U.S. economic growth spiraled down to its lowest point in three years, according to the Gross Domestic Product (GDP) report released by the Commerce Department today.
The key culprit -- the housing sector, in which spending fell to its lowest point since 1991. Residential fixed investment, which includes spending on housing fell 17.4 percent. Yikes!
Prices for homes are dropping dramatically too. The Census Bureau reported yesterday that the median price for a new home fell to $217,000 from $240,400 a year ago. That's the lowest price in two years and the biggest year-over-year decline since December 1970.
Since the construction industry accounts for about a tenth of U.S. economic activity, this drop in spending will likely have a ripple effect throughout the rest of the economy.

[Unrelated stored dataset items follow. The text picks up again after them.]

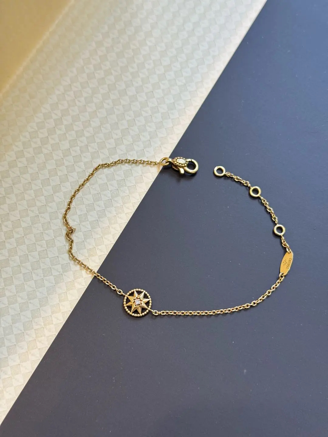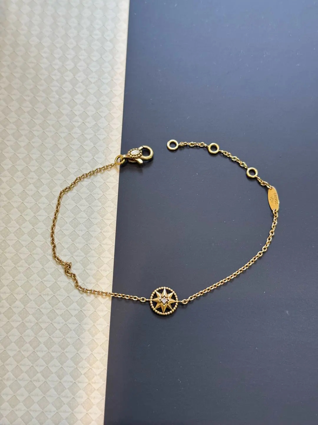 正品二手 Dior 18K金 八芒星 罗盘 镶钻 手链👋97新 18cm 配件:首饰盒。超级高级感
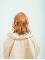 前髪長めのひし形フォルムのレイヤースタイルです。カラーは全体ブリーチをしてオレンジ系カラーをオンカラーしています。髪の毛の量が多い人は量感調節を。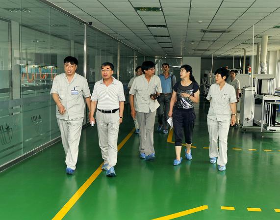 _ 市中級人民法院副院長劉奇(左二),凌河區(qū)法院院長黃萍(右二)到我集團生產(chǎn)現(xiàn)場實地調(diào)研。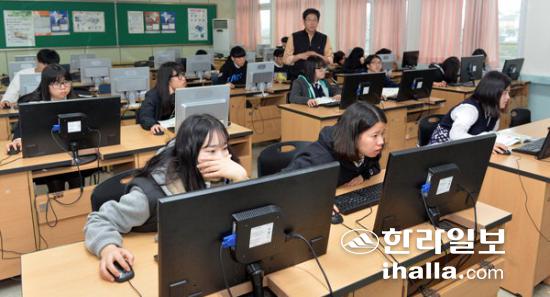 함덕고등학교 학생들이 컴퓨터 실무교육을 받고 있다. 강경민기자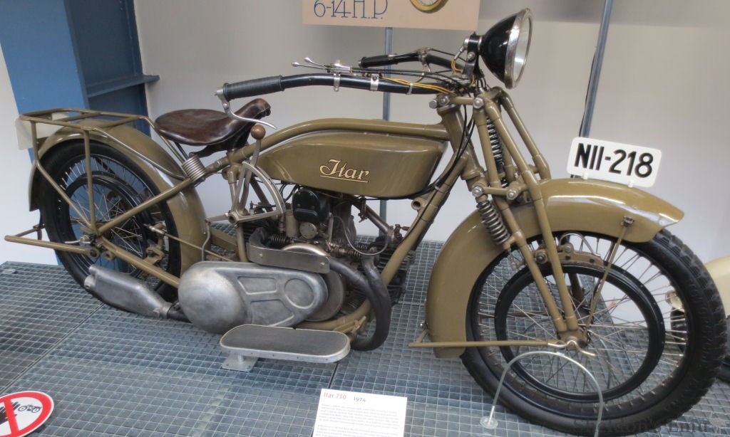 Itar 710 of 1924: 706 cm3, 14 hp, 90 km/h max speed, 170 kg weight. Boxer engine positioned longitudinally. Engine by Walter. These were often fitted with sidecars, and the engine size was later increased to 750cc.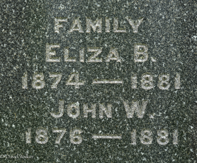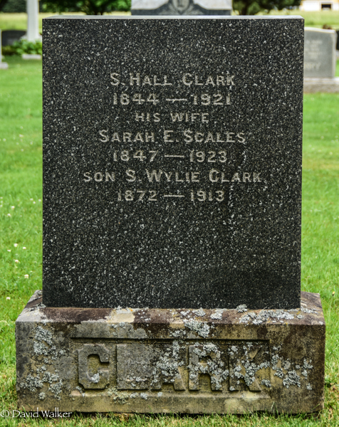Inscription: S. Hall Clark / 1844 - 1921 / His Wife / Sarah E. Scales / 1847 - 1923 / Son S. Wylie Clark / 1872 - 1913 / CLARKBack: Eliza B. / 1874 - 1881 / John W. / 1876 - 1881Flatstones, John, Eliza, Wylie, Mother.1  Tombstone, S. Hall Clark (1844-1921), his wife Sarah E. Scales (1847-1923), their children Wylie (1872-1913), Eliza (1874-1881) and John (1876-1881). Peoples Cemetery, Summerside, Prince County, Prince Edward Island, Canada.  Back inscription detail.  Footstone, Eliza Clark.  Footstone, John Clark.  Footstone, Wylie Clark.  Footstone, Sarah (Scales) Clark.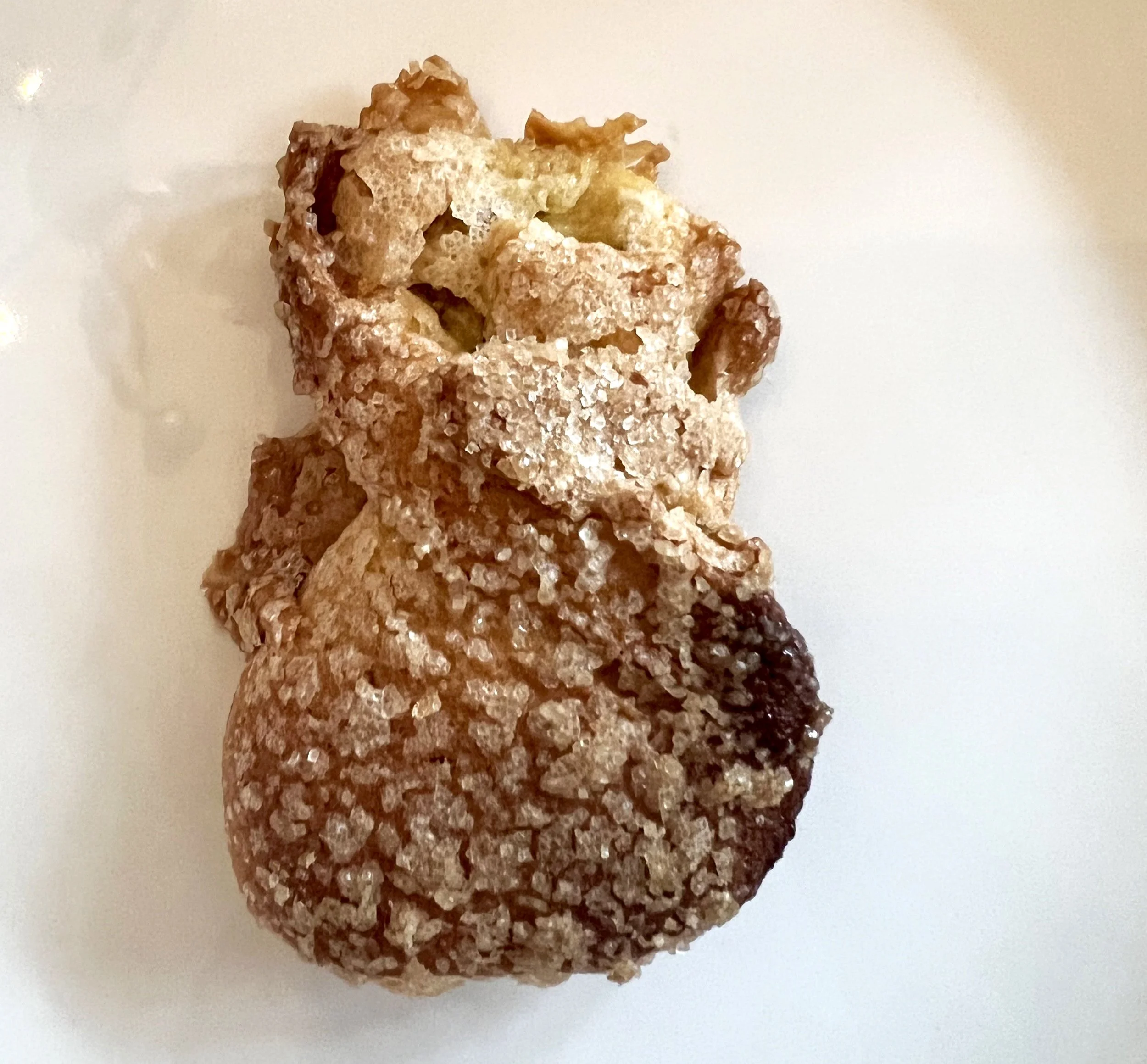 “No matter where it’s purchased, rugelach tastes familiar—buttery dough rolled around raisins and walnuts and caramelized with a rainfall of sugar on top.” p. 150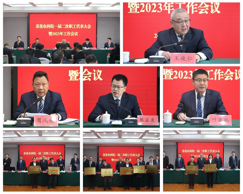 2月27日,蘇墾農科院在淮安召開一屆二次職工代表大會暨2023年工作會議。農科院領導班子成員,總部及下屬單位職工代表共計50余人參加本次會議,受表彰人員及育種院相關人員列席會議。

The construction industry is a major buyer of raw materials and finished products. Think about all the companies that are dependent on new homes being built and people buying things for those new homes.
The impact could be dramatic on so many industries and retail outlets including Home Depot, Loews, appliance manufacturers, furniture dealers -- just about every type of retail outlet that services products needed in a home. In addition to product sales, the decreased activity in construction could hurt job growth and the ability of local governments to raise revenue to pay for local services. There could also be a slide in new construction of stores and shopping centers, which tends to mirror population growth and building trends.
Businesses responded to this expected slowdown by slowing their inventory accumulation, according to the Commerce Department. Stockpiles rose by $50.7 billion compared to $53.7 billion in the second quarter. Analysts were expecting the weaker inventory number because of slowing production of motor vehicles.